É precisamente aí que reside o encanto de Cala Figuera. O porto não é um mero cenário decorativo, mas o verdadeiro centro da povoação. Para além dos barcos de passeio e dos restaurantes, os barcos de pesca, os apetrechos de trabalho e os tradicionais escars continuam a fazer parte da paisagem. Para conhecer o lugar, mais do que procurar monumentos isolados, importa descobrir a ligação singular entre o porto natural, a atividade piscatória e as casas.
Para quem visita a ilha, Cala Figuera é sobretudo um destino tranquilo para meio dia ou um dia inteiro, que pode ser combinado com um passeio de barco, uma refeição junto à água ou uma visita a uma das enseadas do sudeste.

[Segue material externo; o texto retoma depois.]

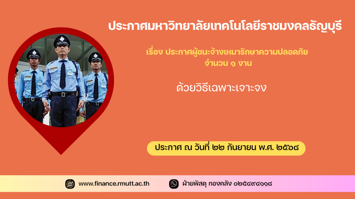ตามที่ มหาวิทยาลัยเทคโนโลยีราชมงคลธัญบุรี ได้มีหนังสือเชิญชวนสำหรับ จ้างเหมาบริการรักษาความปลอดภัย จำนวน ๑ งาน โดยวิธีเฉพาะเจาะจง นั้น
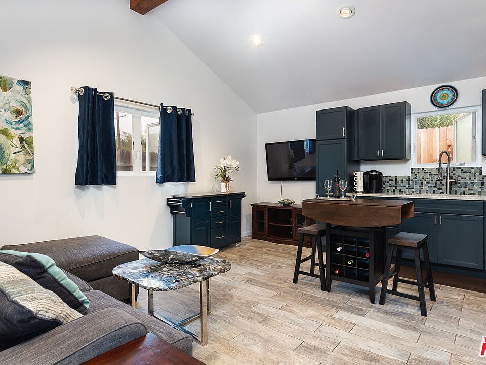 FULLY FURNISHED GUEST HOUSE with high vaulted ceilings in the living room & bedroom. This guest house/ADU is detached from the main home on the back of the lot with privacy and a lovely shared patio area. The kitchen is a cooks delight with a moveable dining island. Full size washer/dryer. This location is so close to all of LA's great amenities -beaches, fine dining and LAX airport. Easy freeway access towards downtown and the south bay too. Tenant to provide their own TV and internet service. Prescreened applicants with excellent credit/ references please. Small Dogs will be considered. Renters Insurance Required before move in date. Utilities will be prorated. On street parking.
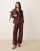 AWARE open collar blazer & pleated wide leg trouser co-ord in port
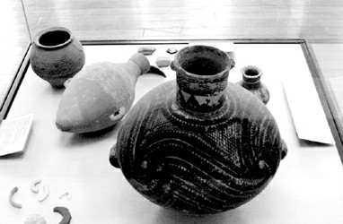 馬家窯彩陶位于進(jìn)館的右側(cè),我身旁的老外帶著孩子,不住地贊嘆馬家窯彩陶的精美。遠(yuǎn)古文明與人們的生活息息相關(guān),它們幾乎都傍水而生。懷著對(duì)滔滔江水的崇拜和敬畏,先民們把自己的感受真切地描繪在彩陶上。我喜歡彩陶上那流暢自然的線條,它帶給我的不僅是流動(dòng)的節(jié)奏和妙不可言的韻律,而且透露了先民們的生活情況和生活理念。
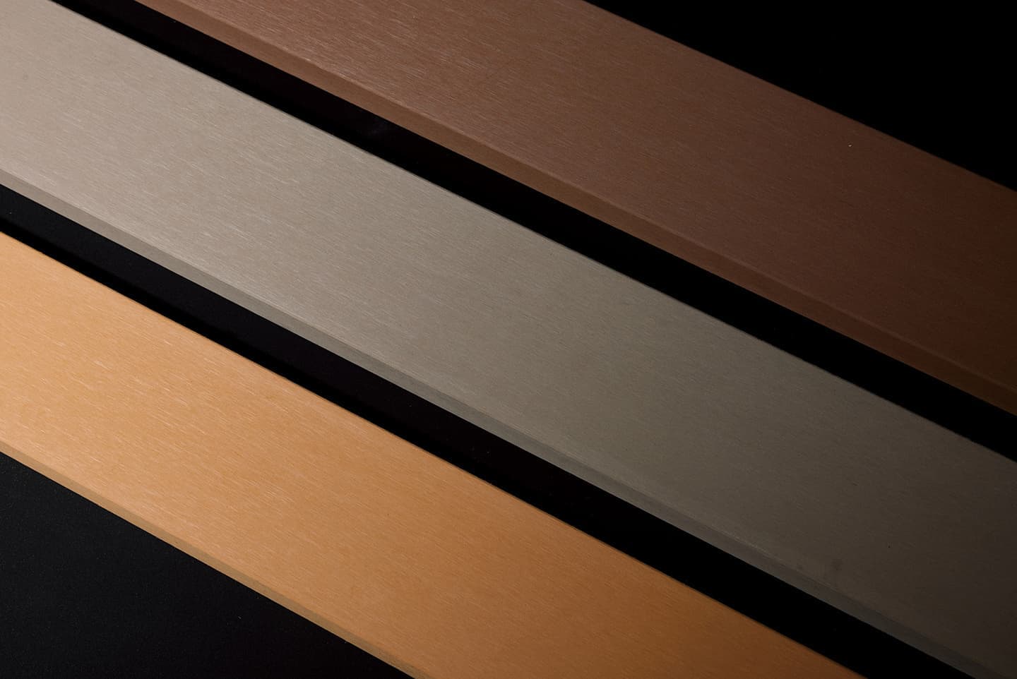 ライトブラウン・ダークブラウン・グレーの木材に、ダスティー・ビビッド・モノの3種類のトーンのアルミフレームをアクセントカラーとして加えることで、洒脱な空間から落ち着いた世界まで、環境やシチュエーションにあわせた自由な風景づくりが可能です。

Para quem pensa viver aqui, a localidade tem outro atrativo: pequenas zonas residenciais acima e ao longo dos braços do porto, bem como uma forte ligação ao mar.
História de Cala Figuera
O nome Cala Figuera significa «enseada das figueiras». Há registos escritos que remontam a 1306, mas a povoação atual surgiu muito mais tarde. As primeiras casas foram construídas no final do século XIX. O porto natural e abrigado foi determinante para o seu desenvolvimento: durante muito tempo serviu de porto de Santanyí e oferecia à pesca uma base adequada.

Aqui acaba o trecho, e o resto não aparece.